Nice looking machine, I'd be like a kid at Christmas time. Update as you can, interested to know your impressions.


----------



## NormG (Mar 5, 2010)

Nice machine congratulations


----------



## ScottKaye (Jan 19, 2013)

its nice that these 8" are FINALLY back in stock after 2 years of being classified as unobtanium!


----------



## cmmyakman (Feb 16, 2011)

Congratulations, I want one too!

Can you provide a link to the Matt Jackson YouTube video?

BTW - It looks like yours came fully assembled. But this guy had to put his together himself?


----------



## jywagner (Jul 12, 2013)

The youtube link you showed was different jointer.

I only use Matt Jackson method of lifting the heavy equipment.


----------



## cmmyakman (Feb 16, 2011)

> The youtube link you showed was different jointer.
> 
> I only use Matt Jackson method of lifting the heavy equipment.
> 
> - jywagner


Great - thank you very much for the clarification and the link!


----------



## wrenchhead (Sep 26, 2009)

Nice! A new jointer is on my short list of tools to purchase. I will be looking for your update after it's had some use


----------



## kelvancra (May 4, 2010)

I bought the 490X (with the spiral head) and, two years in, I'm still sold.

I did a review on it, back in the day, including how an old man got it out of the truck and assembled without jacks, hoists and so on.


----------



## slharman1 (Sep 4, 2018)

How are you liking the G0495X Jointer so far?
I am looking at one for my shop.
Thanks


----------



## kelvancra (May 4, 2010)

As of this date, five years in, I am very happy with mine.

My original review: https://www.lumberjocks.com/reviews/6106


----------



## jywagner (Jul 12, 2013)

it's had been a very nice addition to my small hobby shop. Did lots of Oak and black walnut 600-700 board feet.
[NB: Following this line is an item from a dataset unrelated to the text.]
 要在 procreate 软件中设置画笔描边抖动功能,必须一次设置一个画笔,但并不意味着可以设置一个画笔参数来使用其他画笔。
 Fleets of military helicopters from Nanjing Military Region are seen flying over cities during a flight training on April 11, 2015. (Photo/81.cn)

long bed really beneficial for longboards.


----------



## slharman1 (Sep 4, 2018)

Wow for such an old post i wasn't expecting a reply!
Thank you, I think I'll pull the trigger.
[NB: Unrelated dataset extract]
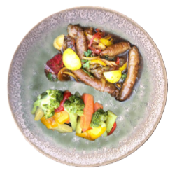 Sausage. Pomegranate Molasses, Souleed Vegetables, Rice

> As of this date, five years in, I am very happy with mine.
> 
> My original review: https://www.lumberjocks.com/reviews/6106
> 
> - Kelly


----------



## slharman1 (Sep 4, 2018)

Again, Wow for such an old post i wasn't expecting a reply!
Thank you, I think I'll pull the trigger.


> it s had been a very nice addition to my small hobby shop. Did lots of Oak and black walnut 600-700 board feet.
> 
> long bed really beneficial for longboards.
> 
> - jywagner


----------



## Minnesotawood (Aug 10, 2015)

Did you use the powermatic mobile base with your jointer?


----------



## jywagner (Jul 12, 2013)

Yes, I used Powermatic mobile base


----------